- Jane Seymour as Solitaire
- First appearance: 1954
- Last appearance: 1973
- Created by: Ian Fleming
- Portrayed by: Jane Seymour

In-universe information
- Gender: Female
- Classification: Bond girl

= Solitaire (James Bond) =

Solitaire is a fictional character in the James Bond novel and film Live and Let Die. In the film, she was portrayed by Jane Seymour.

==Novel biography==
In a relative rarity for the James Bond franchise, there is little difference between the film and novel in the treatment of Solitaire's basic character and role. The 1954 novel Live and Let Die reveals that her real name is Simone Latrelle, that she is of French stock, and she was born in Haiti; the name "Solitaire" (a near-oronym of her real name) is given to her by the Haitians because of her apparent exclusion of men from her life. The only physical difference appears to be that Solitaire is stated to have blue-black hair; she also possesses pale skin reminiscent of the tropical planter class. When James Bond meets her she is twenty-five years old and described as "one of the most beautiful women Bond had ever seen." On a later occasion Bond describes her as looking "rather French and very beautiful." At their first meeting, in the presence of Mr.

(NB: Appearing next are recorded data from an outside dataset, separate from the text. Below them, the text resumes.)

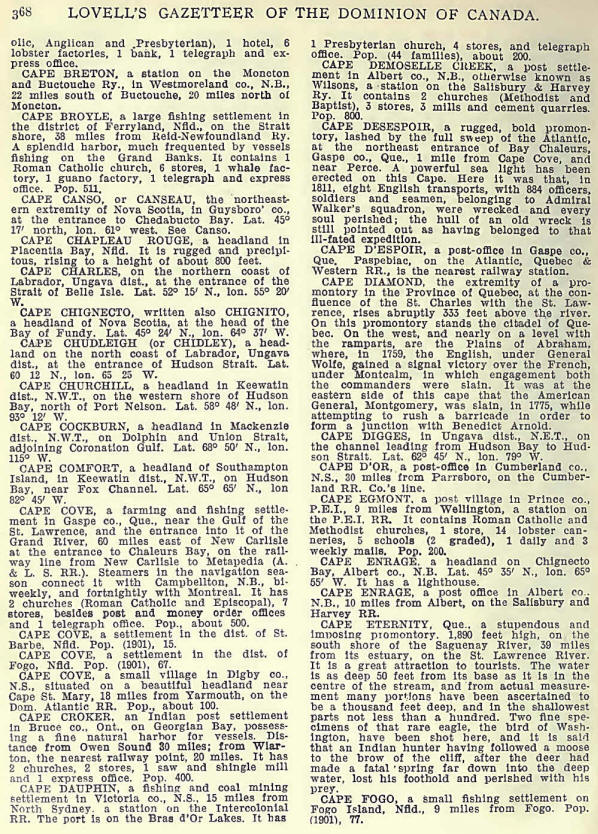 Cape Broyle, Cape Canso, Canseau, Cape Chapleau, Cape Charles, Cape
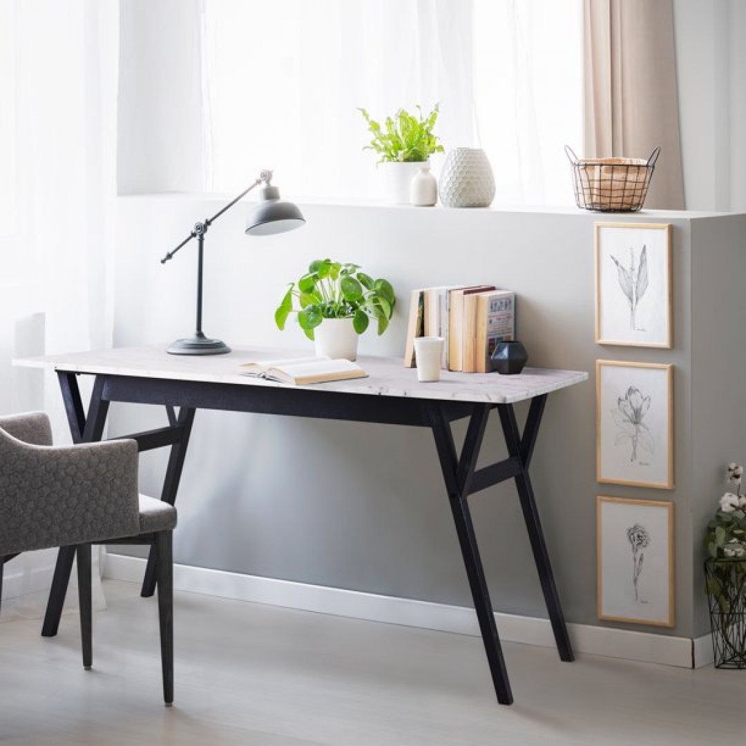 Üst yüzeyinde kullanılan mermer desenli kaplama, sade ve zarif görünümüyle çalışma alanınıza şıklık katarken,geniş üst yüzeyi, çalışma sırasında bolca alan sağlayarak bilgisayar, kitaplar ve dekoratif objeler için rahat bir kullanım sunar. Temizlenmesi kolay yapısı sayesinde günlük kullanımda pratiklik sunar.
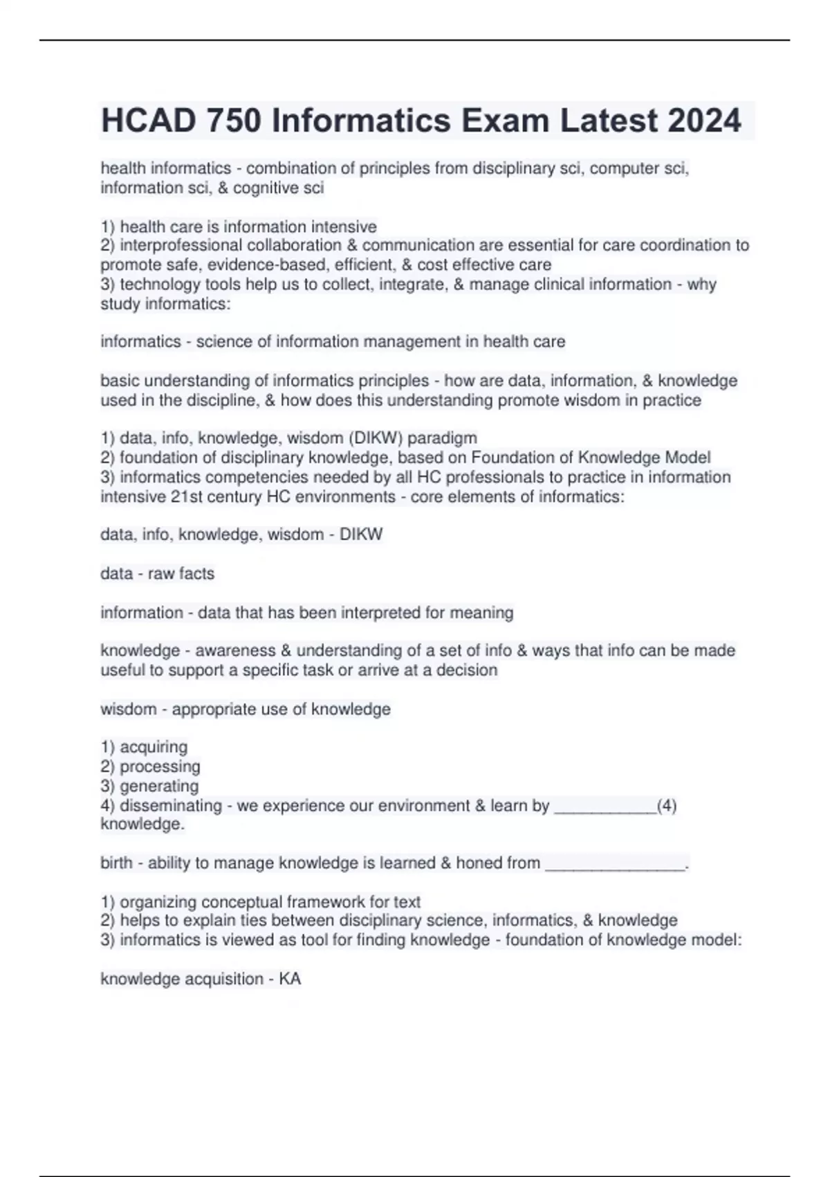 HCAD 750 Informatics Exam Latest 2024 health informatics - combination of principles from disciplinary sci, computer sci, information sci, & cognitive sci 1) health care is information intensive 2) interprofessional collaboration & communication are essential for care coordination to promote safe, evidence-based, efficient, & cost effective care 3) technology tools help us to collect, integrate, & manage clinical information - why study informatics: informatics - science of information management in health care basic understanding of informatics principles - how are data, information, & knowledge used in the discipline, & how does this understanding promote wisdom in practice 1) data, info, knowledge, wisdom (DIKW) paradigm 2) foundation of disciplinary knowledge, based on Foundation of Knowledge Model 3) informatics competencies needed by all HC professionals to practice in information intensive 21st century HC environments - core elements of informatics: data, info, knowledge, wisdom - DIKW data - raw facts information - data that has been interpreted for meaning knowledge - awareness & understanding of a set of info & ways that info can be made useful to support a specific task or arrive at a decision wisdom - appropriate use of knowledge 1) acquiring 2) processing 3) generating 4) disseminating - we experience our environment & learn by ___________(4) knowledge. birth - ability to manage knowledge is learned & honed from _______________. 1) organizing conceptual framework for text 2) helps to explain ties between disciplinary science, informatics, & knowledge 3) informatics is viewed as tool for finding knowledge - foundation of knowledge model: knowledge acquisition - KA knowledge dissemination - KD knowledge generation - KG knowledge processing - KP 1) professionals are knowledge workers (work with info & knowledge as product) 2) professionals are knowledge acquirers (provide convenient & efficient means of capturing & storing knowledge) 3) are knowledge users (indiv/groups who benefit from valuable, viable knowledge) 4) professionals are knowledge engineers (design, develop, implement, & maintain knowledge) - healthcare professionals & knowledge: 1) HC professionals are knowledge managers (capture & process collective expertise & distribute it where it can create the largest benefit) 2) HC professionals are knowledge developers or generators (changing & evolving knowledge based on tasks at hand & information available) - disciplinary science & knowledge: knowledge viability - refers to technology based applications that offer easily accessible, accurate, & timely info obtained from variety of resources & methods & presented in a manner that provides us with necessary elements to generate new knowledge wisdom - the application of knowledge to an appropriate situation; uses knowledge & experience to heighten common sense & insight in order to exercise sound judgement in practical matters; developed through knowledge, experience, insight, & reflection wisdom - in the practice of healthcare science, we expect action(s) to be directed by __________________

Big, she comes across as superior, cold, and disdainful, an attitude reflected by her face, which Bond finds beautiful partly because of its lack of compromise and its hint of both cruelty and command. Once Solitaire has escaped from Mr. Big, she immediately becomes warm, open, and passionate towards Bond. Despite her obvious Gallic-Haitian heritage, there is no mention of her having any French accent.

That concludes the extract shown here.